Anche Madre Teresa di Calcutta (1910-1997), consacrò la sua vita al servizio dei “più poveri tra i poveri”, fondando una Congregazione missionaria dedita alla cura delle persone più bisognose, oggi diffusa in tutto il mondo. Nell’omelia di beatificazione di Madre Teresa, Papa Giovanni Paolo II disse:

 

«Come madre autentica per i poveri, si è chinata verso coloro che soffrivano diverse forme di povertà. La sua grandezza risiede nella sua abilità di dare senza calcolare i costi, di dare “fino a quando fa male”. La sua vita è stata un vivere radicale e una proclamazione audace del Vangelo. […] “Ogni volta che avete fatto queste cose a uno solo di questi miei fratelli più piccoli, l’avete fatto a me” (Mt 25, 40).

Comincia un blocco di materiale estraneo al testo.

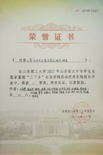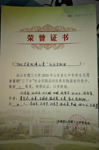 所获荣誉: 2016年省级优秀服务团队、2016年社会实践团队省级一等奖、2016年社会实践团队校级一等奖、2016年社会实践报告校级一等奖、2017年社会实践报告校级一等奖、2018年暑期“三下乡”社会实践活动优秀实践报告二等奖、2018年思政课实践调研报告三等奖、w66旗舰厅官网第三届老员工舞蹈大赛三等奖
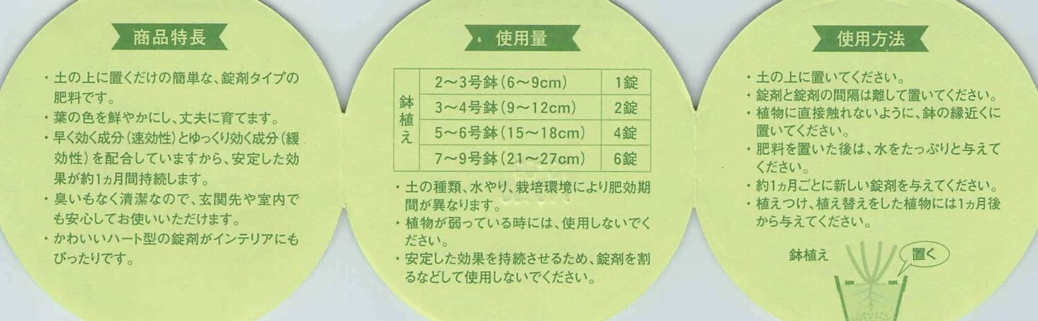 | 5~6号鉢(15~18cm) | 4錠 |
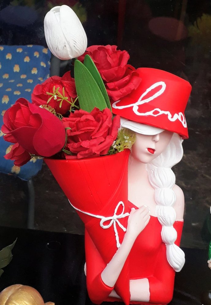 Kırmızı elbise ve şapka giymiş kadın figürini, elinde beyaz lale ve kırmızı çiçeklerden oluşan renkli bir buket tutuyor. Şapkasında beyaz 'love' yazısı var arkadaşımın yaptığı el emeği ürünler SERAMİK TOZU VE TOZ TAŞI YAPIMIDIR
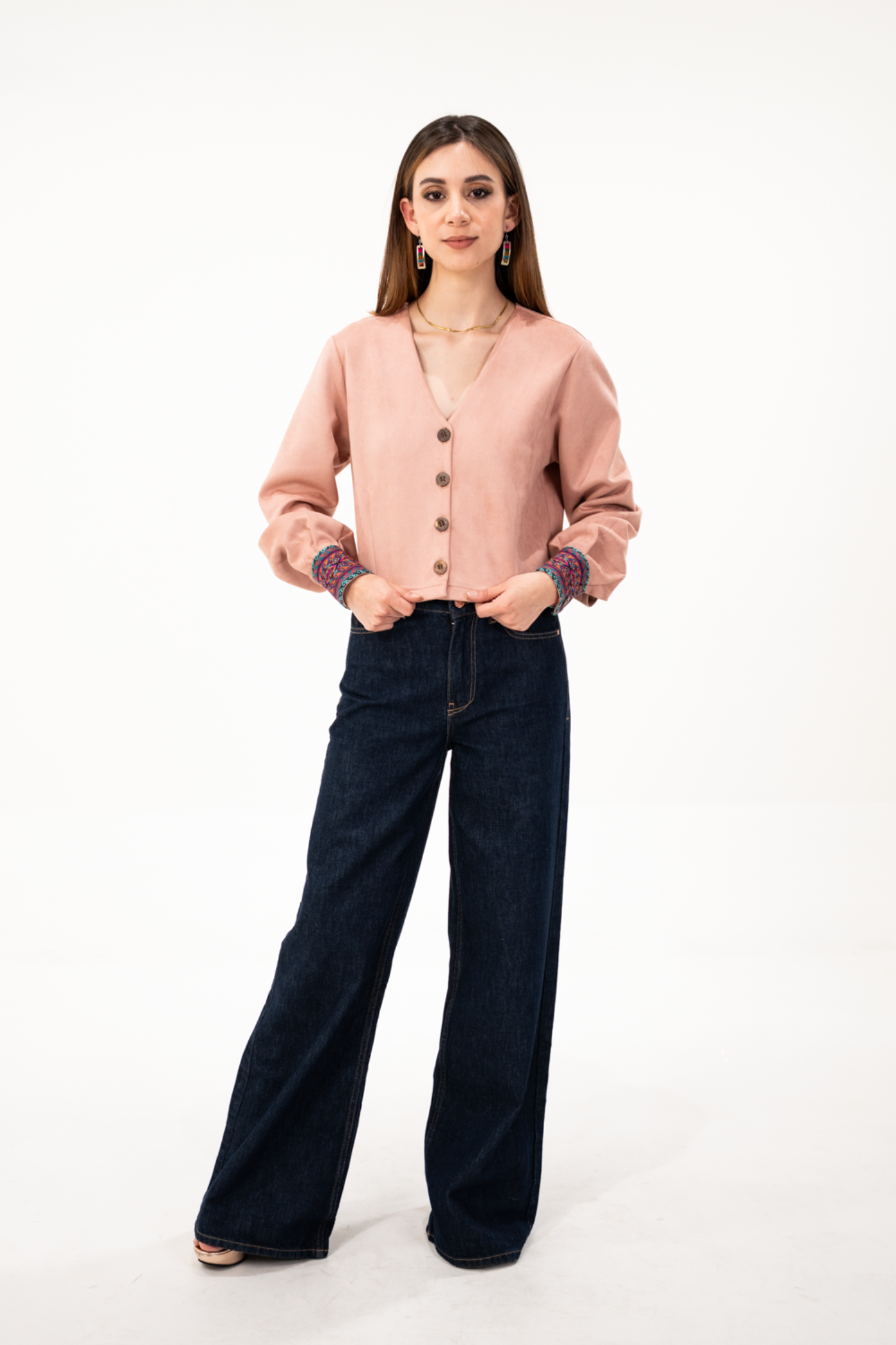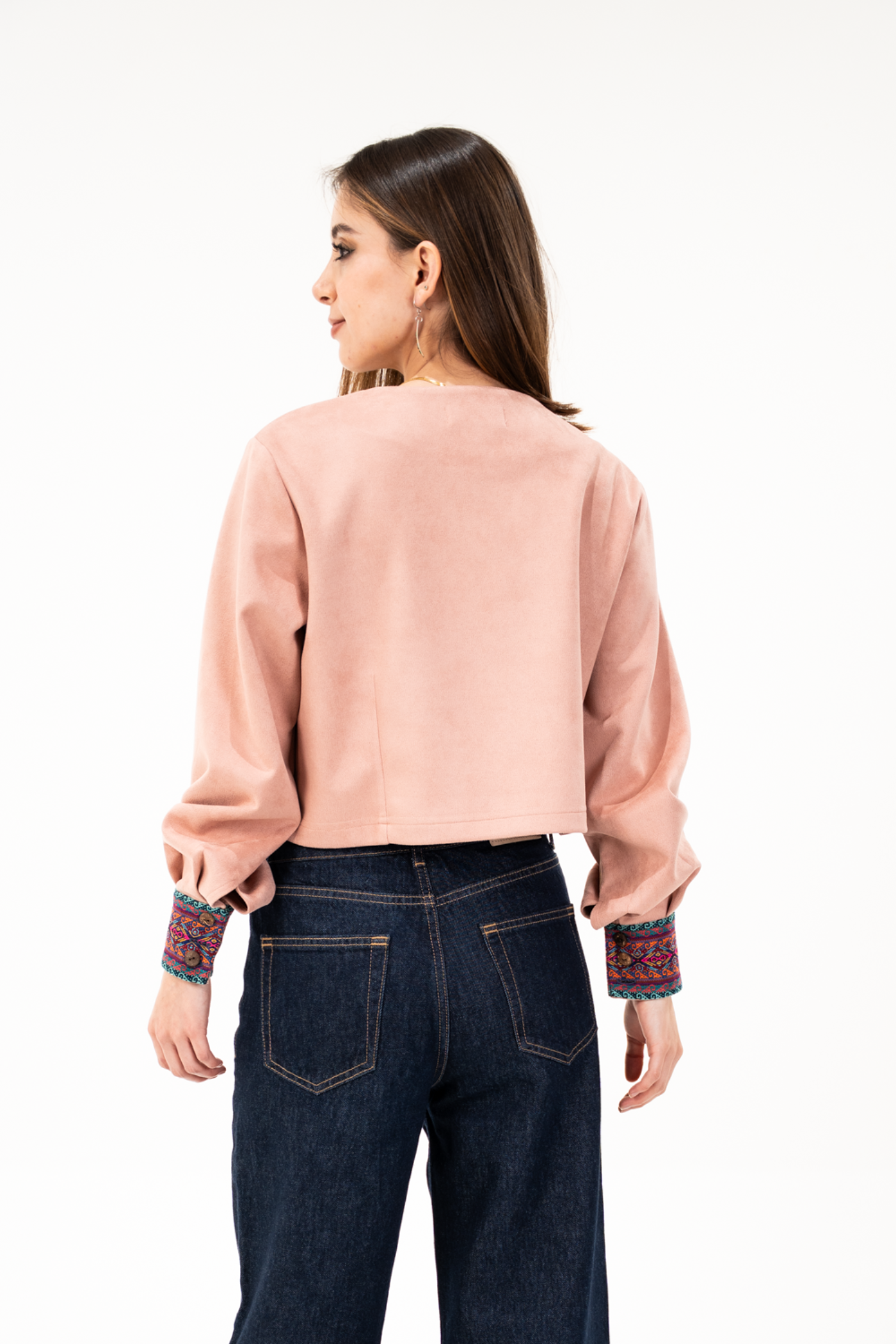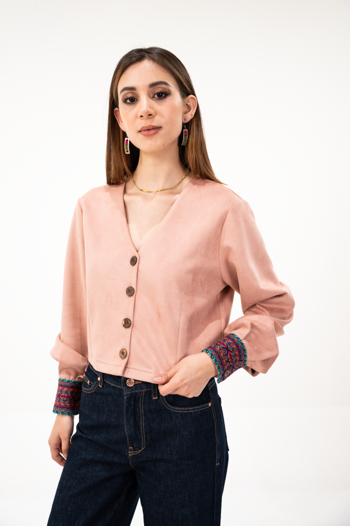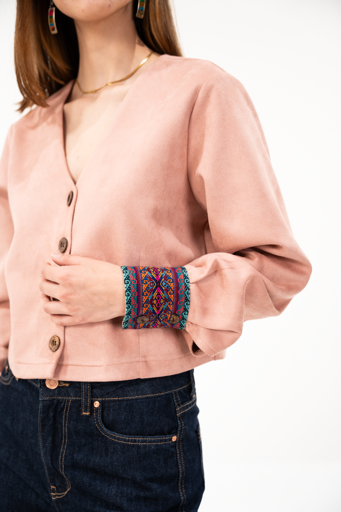 Chaqueta semientallada corta en tela de gamusa palo de rosa con detalle de tejido étnico de telar en puños y botones de coco.

Questo passo del Vangelo, così fondamentale per comprendere il servizio di Madre Teresa ai poveri, era alla base della sua convinzione, piena di fede, che nel toccare i corpi deperiti dei poveri toccava il corpo di Cristo. Era a Gesù stesso, nascosto sotto le vesti angoscianti dei più poveri tra i poveri, che era diretto il suo servizio. […] Desiderava essere un “segno dell’amore di Dio, della presenza di Dio, della compassione di Dio” e, in tal modo, ricordare a tutti il valore e la dignità di ogni figlio di Dio, “creato per amare ed essere amato”. Era così che Madre Teresa “portava le anime a Dio e Dio alle anime”, placando la sete di Cristo, soprattutto delle persone più bisognose, la cui visione di Dio era stata offuscata dalla sofferenza e dal dolore”» (Giovanni Paolo II, Omelia, 19 Ottobre 2003).